Perhaps it was coincidence that the song "Everybody Wants to Rule the World" was playing as Republican vice-presidential candidate Sarah Palin worked the crowd at the Irish Pub last night.
But her amorous fans were definitely ready to let the moose-hunting Alaska governor rule.
"I expect her to be president of the United States one day," said Suzanne Haney, the Republican leader for the 2nd Ward in South Philadelphia, who gave Palin a $2 bill for luck.
Palin appeared at the bar on 20th and Walnut streets last night to shake hands with her fans for about an hour before the first presidential debate. While the crowd inside was friendly, hundreds of people lined the street outside in protest with signs that read things like "Palin is Santorum With Lipstick."

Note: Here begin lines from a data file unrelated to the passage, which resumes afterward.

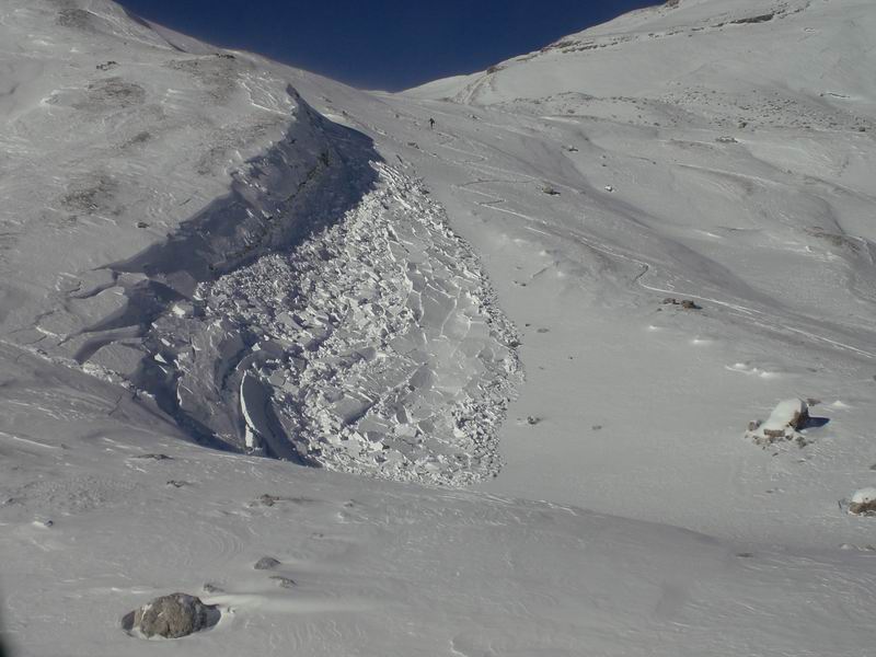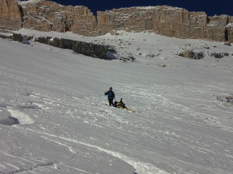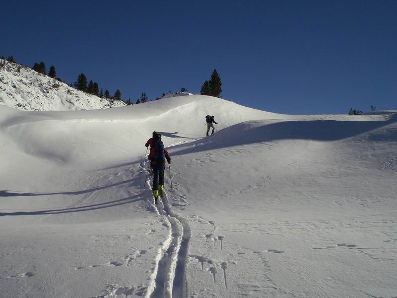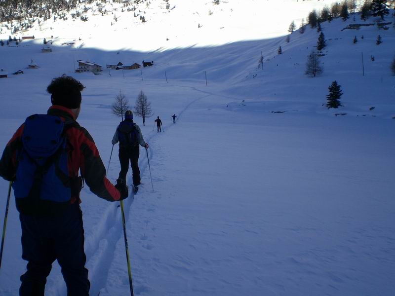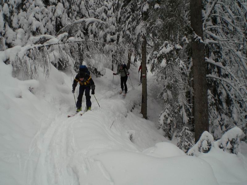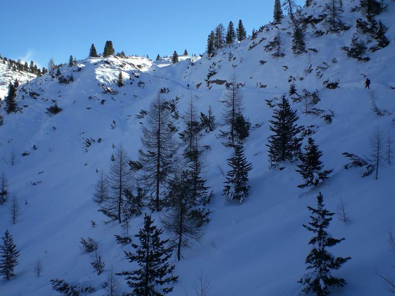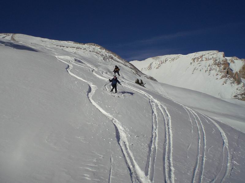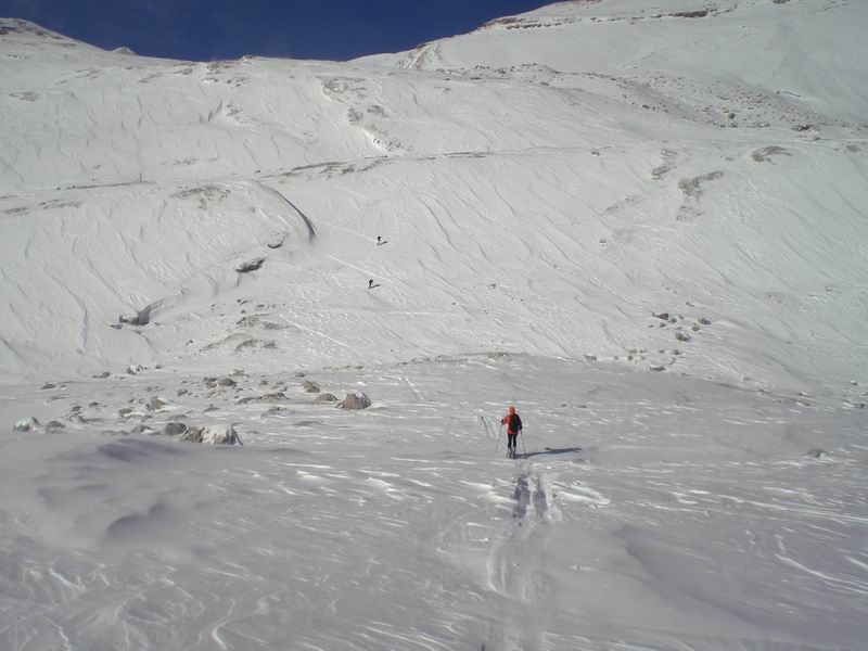 Via le pelli e torniamo a casa. La discesa è divertente solo per brevi tratti. Per la maggior parte si ripete il saliscendi dell'andata, bellissimo dal punto di vista ambientale, ma una palla da quello sciistico. Girandoci indietro vediamo i 3 "arditi" che scendono cautamente lungo il pendio provocando un gran scarico a pochi metri dalle loro scie.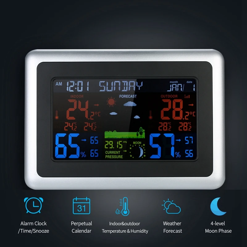 Wireless Weather Station LCD Weather Forecast Indoor Outdoor Thermometer Hygrometer with Backlight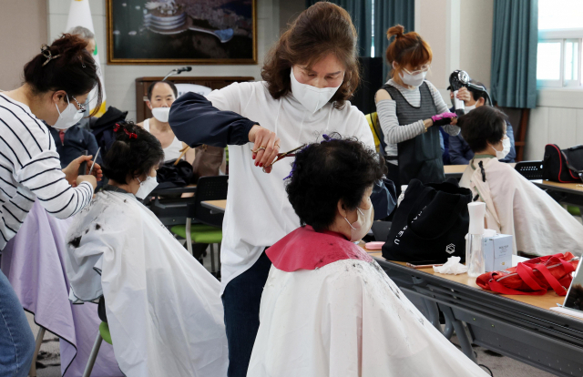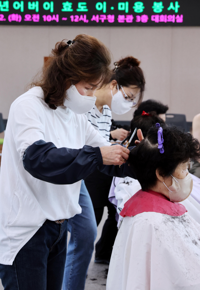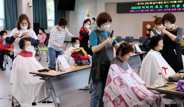 어버이날을 앞두고 2일 오전 부산 서구청 대회의실에서 열린 ‘어버이 효도 이·미용 봉사’ 행사에서 미용사들이 어르신들의 머리를 다듬어주고 있다. 이날 봉사활동에는 이·미용사회 서구지회 회원 16명이 참가해 어르신 100여 명에게 서비스를 제공했다.

Palin did not take questions from reporters nor did she talk policy. She posed for pictures and chatted with supporters, many of whom were from outside the city limits, and made an approximately minute-long statement.
"We have an opportunity to put government back on the side of the people and shake things up in D.C.," said Palin, who was garbed in a Phillies jersey, a white T-shirt and jeans with a leopard-print belt buckle.
A surprise pick by Sen. John McCain, Palin burst on the GOP scene to huge enthusiasm several weeks ago. The self-described "hockey mom" has served as governor of Alaska for just two years and previously was mayor of the small town of Wasilla.
But she has struggled with questions about her experience and foreign-policy credentials, and has been dogged by the "Troopergate" scandal over whether she tried to remove her ex-brother-in-law from his job on the state police force.
Still, supporters at the Irish Pub last night said they were excited about Palin.
Christine Olsen-Liney, 39, of King of Prussia, said she could relate to Palin because she has five kids, one with special needs. Palin recently gave birth to a son with Down syndrome.
"I think she can relate to the common mom," said Olsen-Liney, who has a 3-year-old son with a neurological disorder that prevents him from speaking. "I like the fact that [she's] somebody who recognizes that not enough is done for special-needs children."